The racket of hammering, sawing, and bickering swelled to fill the dead air. Two witches hovering near the roof of the Town Hall struggled to balance an unwieldy beam of wood between them.
"A little further to the left," the taller of the two ordered her companion.
The short, squat companion obeyed, sending them both into a giddy half-spiral.
"MY left!" squawked the taller witch, tipping nearly off her broom.
The shorter witch wobbled like an egg that's been set down on a kitchen counter, struggling to hold up her end of the beam. On the ground, the man with the axe in his head pushed a wheelbarrow full of bricks past the Harlequin Demon and the Mayor, as the latter held boards in place while the former hammered in nails. The Mayor shrieked as the hammer came down squarely on his thumb. Several townspeople turned towards the source of the piercing complaint. Testy from working under the hot jack-o-lantern sun, the bipolar politician shook the offended digit in the Harlequin's face.
"My thumb is not a nail!"
Every bit as crabby as his workmate, the Harlequin sneered, "Well, I can't help it if your fingers are fatter than mallow pumpkin candies!"
Straining to steady a ladder that the Behemoth was precariously perched upon, the Wolfman snarled, "Thumbs don't even really count as fingers!"
The demon threw down his hammer; the Mayor screeched and immediately began hopping around clutching his foot. "Yes they do!"
"Rrr- no they don't!" the Wolfman insisted, his back legs straining as his feet scraped to stay put.

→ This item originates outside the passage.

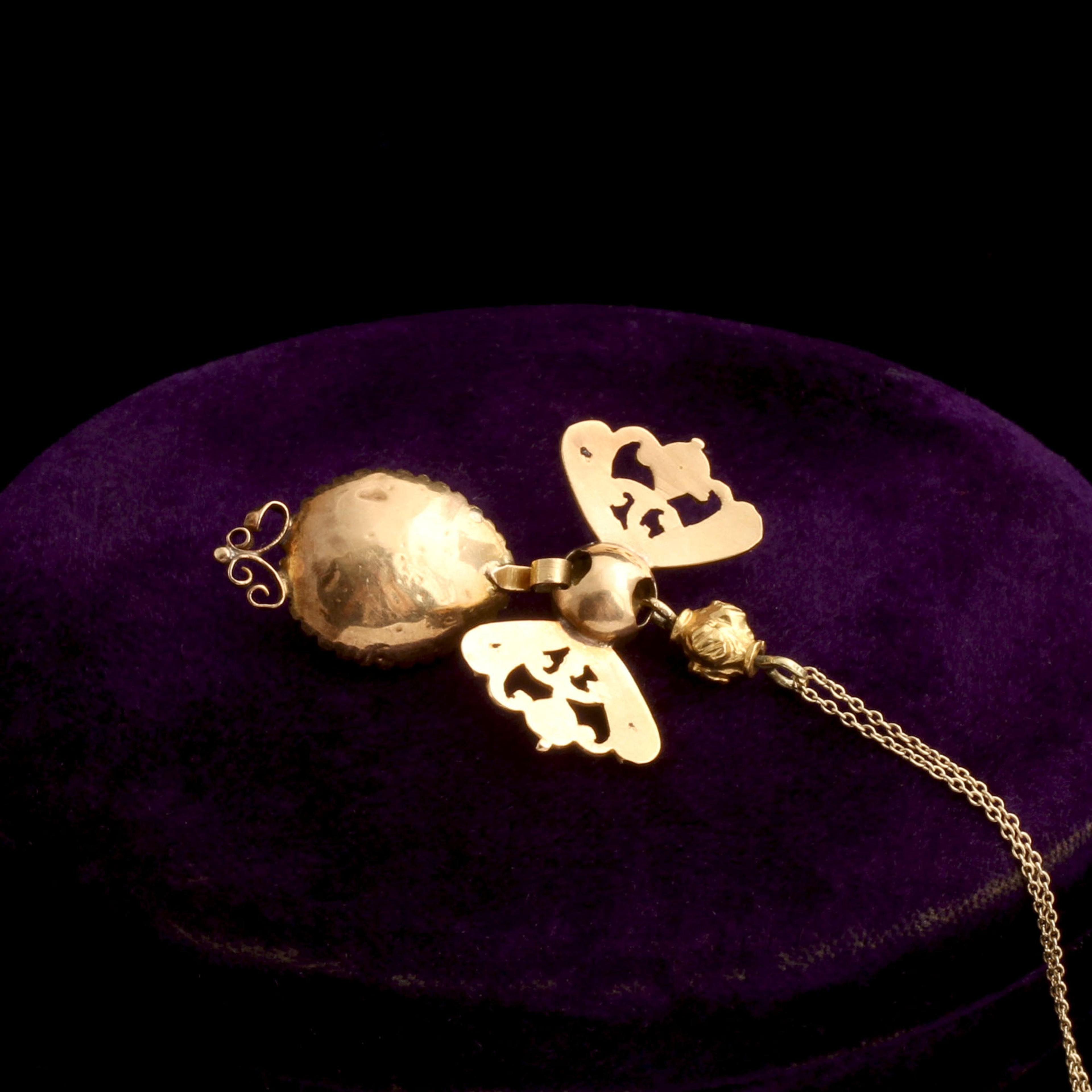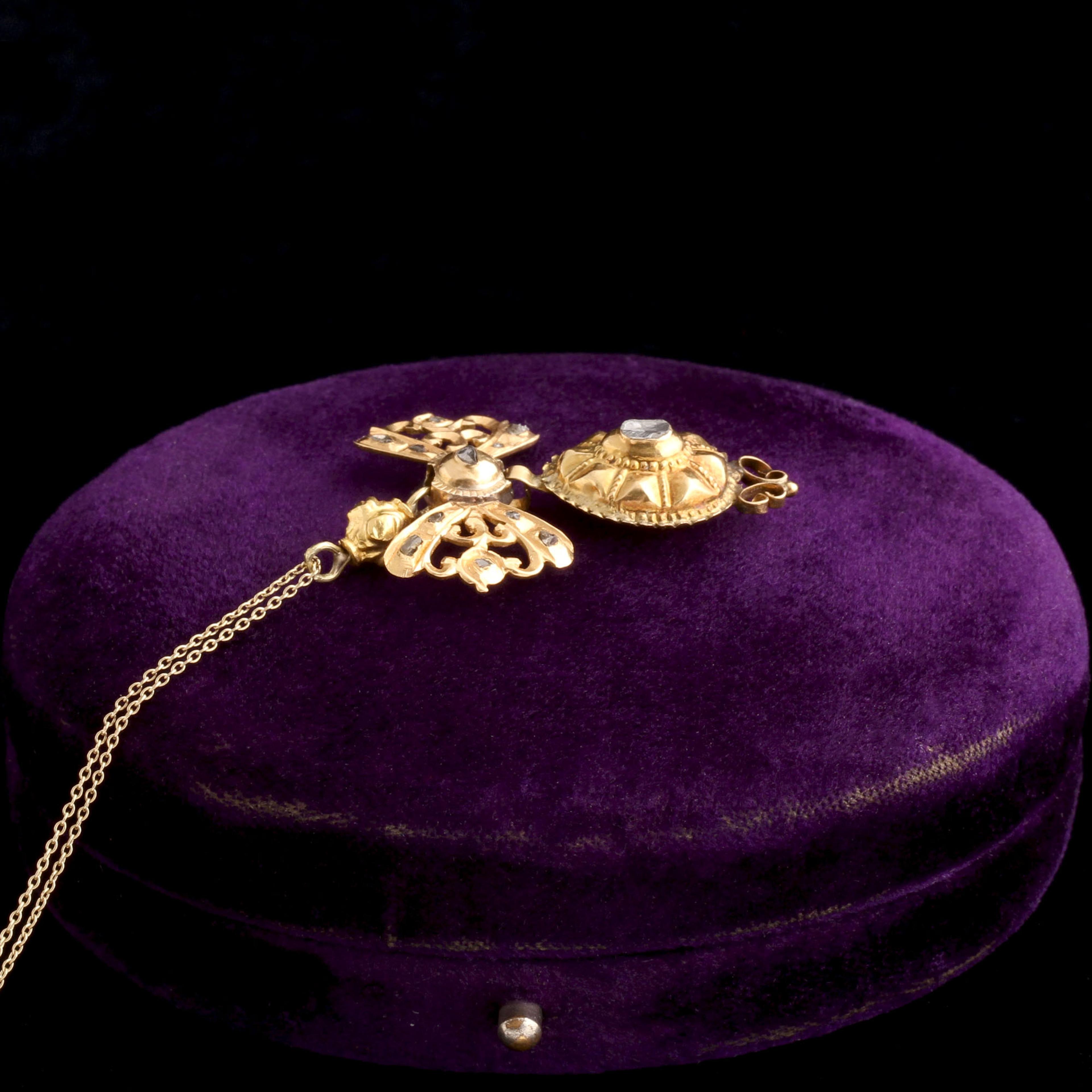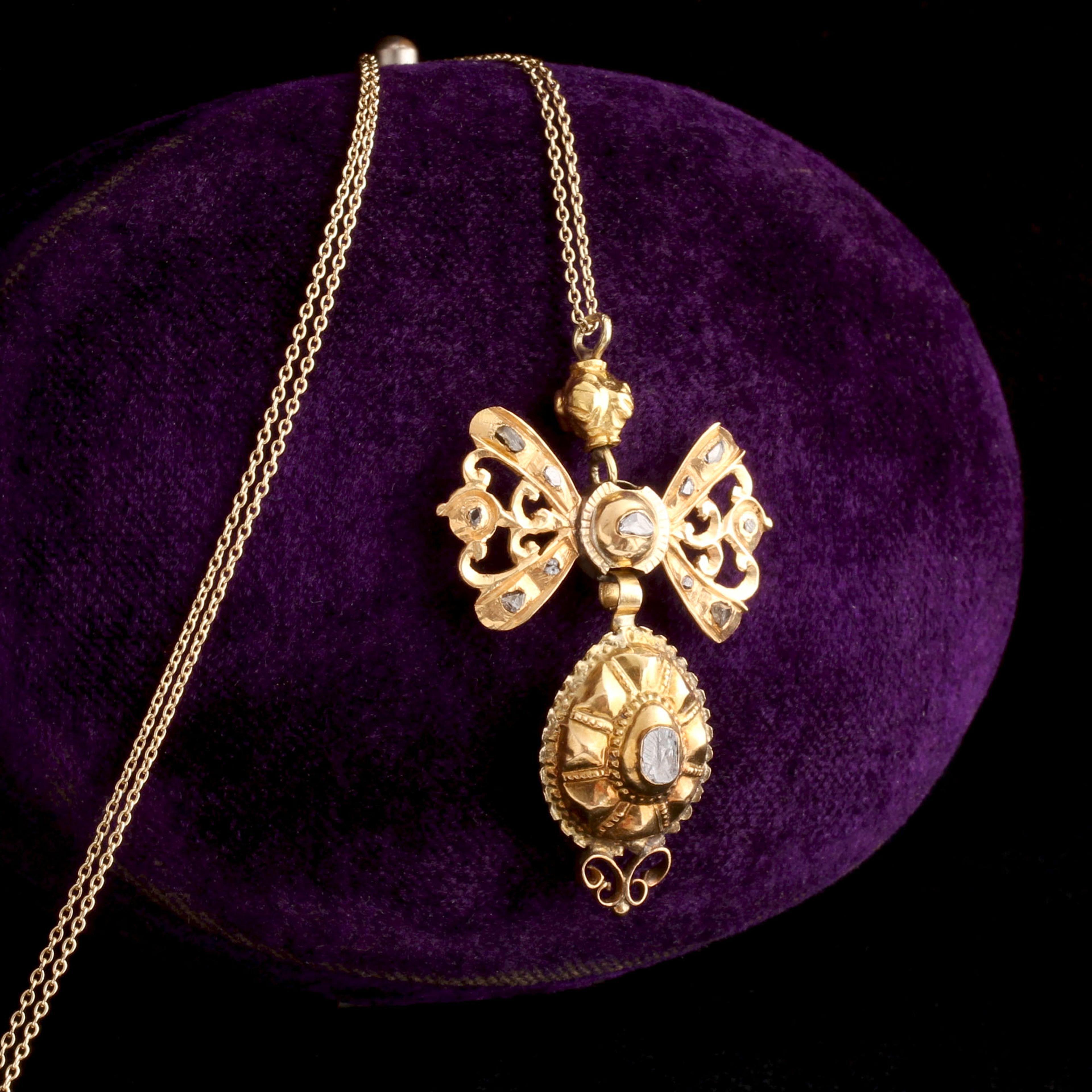 This late 18th century Iberian bow with a pear shaped pendant is modeled in gold and set with rose cut diamonds. Now a pendant, this piece was almost certainly an element of an earring - known as “pendeloque” - that came into fashion at the tail end of the 1700s. Ever so slightly simpler in style that the girandole earrings that preceded them, pendeloque earrings are typically formed with a cluster of sorts at the top, a bow-themed element in the middle, and a pendant at the base.

As the quarrel continued, Sally gingerly picked her way through a minefield of nails, splashes of paint, and various discarded tools of all shapes and sizes. Her eyes roved uncertainly over the workers, looking for anyone who wasn't either flying off the handle or engaged in a task that required uninterrupted hand-eye coordination. Her tiny hands folded, then unfolded, then folded again. The tear-away-face clown veered towards her, clasping several cans of paint in his arms. His unicycle teetered at an impossible angle.
"Looking for Jack?"
"Yes. Have you seen him?"
"Last I saw, he was back that way." The clown pointed with a blue can of paint to the west.
"Oh. Thank you."
"Sure!" The creepy clown sped around to the back of the hall. His disappearance was followed very shortly by a crash and several metallic clunks. Sally winced. As it happened, Jack found her before she found him. He hailed her, a smile brightening his skull as he waved.
"Sally!"
The redheaded ragdoll smiled and waved back. The Pumpkin King met her halfway to his work area and offered her his arm. "Be careful- there's nails."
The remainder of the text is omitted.